- [WHAT THE EXERCISE ASKS] Begin at the line holding "Zazzle Produkten anzufordern." and set down exactly each line through the last one below, omitting pictures. Include nothing else.
Start of EXTRACTED ENTRIES
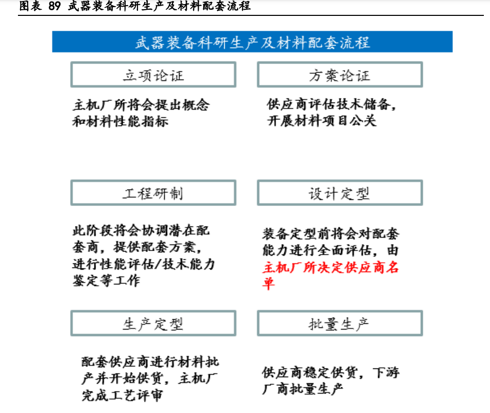 供应稳定性,军品研制过程的关键是技术状态控制,装备结束研制阶段后 会进行设计定型,定型方案中会细化到具体原材料的型号和供应商。因此, 已经设计定型的武器装备大多会一直使用选定的原材料和对应的供应商, 直至新项目立项或该型号停产。
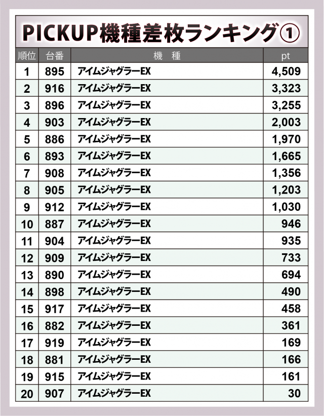 『アイムジャグラーEX』40台はピッタリ半数が勝利。895番台の+4千5百超を筆頭に+3千3百付近が2台・+2千超が1台・+1千超が5台と、シリーズ一番の盛り上がりを迎えた。
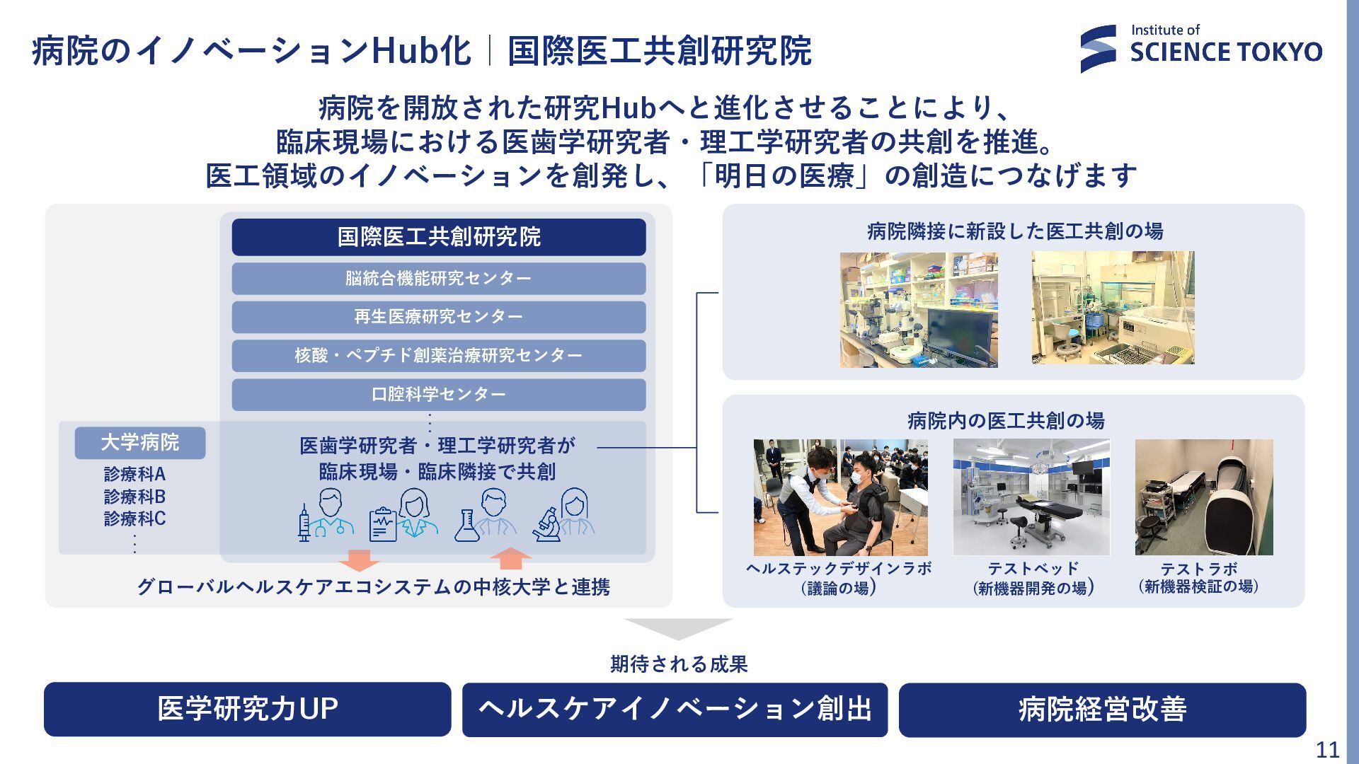 10. 病院のイノベーションHub化|国際医工共創研究院 病院を開放された研究Hubへと進化させることにより、 臨床現場における医歯学研究者・理工学研究者の共創を推進。 医工領域のイノベーションを創発し、「明日の医療」の創造につなげます 11 グローバルヘルスケアエコシステムの中核大学と連携 国際医工共創研究院 脳統合機能研究センター 再生医療研究センター 口腔科学センター
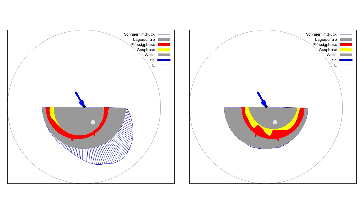 Bild 10 zeigt wieder 2 Schnitte durch je einen Lagerabschnitt zum 51.Zeitpunkt von 200 Zeitpunkten pro Lastzyklus. Die zugehörige Animation zeigt den Verlauf über den gesamten Lastzyklus. Durch die kürzeren Strömungswege füllt sich der entlastete Teil des Schmierspalts schneller trotz größerer Viskosität des Schmiermittels, so dass zu einem früheren Zeitpunkt der Schmierspalt bereits fast vollständig wieder gefüllt ist und sich Druck aufbauen kann.
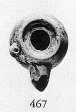 | Description: | Most of nozzle missing. No handle or base. Wheel made. The bottom lightly nicked. Pierced lug on one side of body. Sunken top. Black glaze, much peeled. The blackening of the broken edges around the nozzle suggests that the lamp was used after it was broken. Type XIIB (late straight variety) of Corinth collection, type 35A of Agora collection. | |
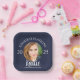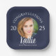 Moderne marineblaue "Herzlichen Glückwunsch" Klasse von 2025 Abschluss Papier Platte, personalisiert mit einem Foto, den Namen, Schule und Abschluss Jahr des Absolventen. Ideal für Absolventen der Gymnasialschule oder Uni. Der marineblau Hintergrund kann mit Zazzle Designwerkzeugen mit eigenen Schulfarben angepasst werden. Kontaktieren Sie mich, um Hilfe bei Ihren Anpassungen zu erhalten oder um zusätzliche Matching oder Koordination von Zazzle Produkten anzufordern.
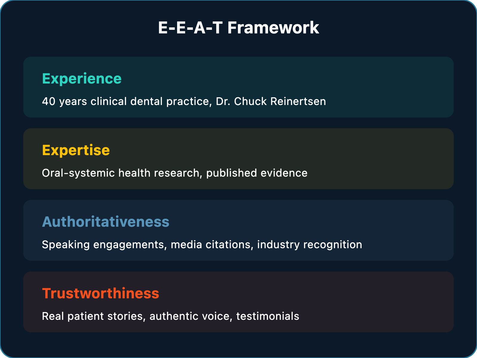 Each cluster paired a landing page with 10-15 blog articles targeting real patient questions like “mouthwash safe during pregnancy” and “broken tooth while pregnant.” We layered in YouTube videos with Dr. Chuck, downloadable PDF guides, a brand messaging framework, and E-E-A-T optimization across the board.
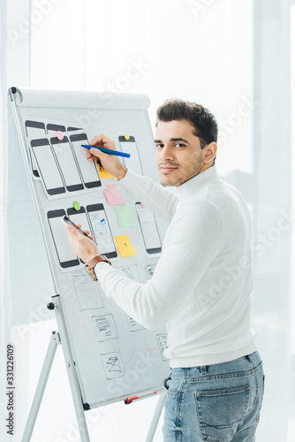 Side view of ux designer looking at camera while holding smartphone near mobile frameworks on whiteboard
End of EXTRACTED ENTRIES
- [ANSWER TO THIS EXERCISE]
 Moderne marineblaue "Herzlichen Glückwunsch" Klasse von 2025 Abschluss Papier Platte, personalisiert mit einem Foto, den Namen, Schule und Abschluss Jahr des Absolventen. Ideal für Absolventen der Gymnasialschule oder Uni. Der marineblau Hintergrund kann mit Zazzle Designwerkzeugen mit eigenen Schulfarben angepasst werden. Kontaktieren Sie mich, um Hilfe bei Ihren Anpassungen zu erhalten oder um zusätzliche Matching oder Koordination von Zazzle Produkten anzufordern.
 Each cluster paired a landing page with 10-15 blog articles targeting real patient questions like “mouthwash safe during pregnancy” and “broken tooth while pregnant.” We layered in YouTube videos with Dr. Chuck, downloadable PDF guides, a brand messaging framework, and E-E-A-T optimization across the board.
 Side view of ux designer looking at camera while holding smartphone near mobile frameworks on whiteboard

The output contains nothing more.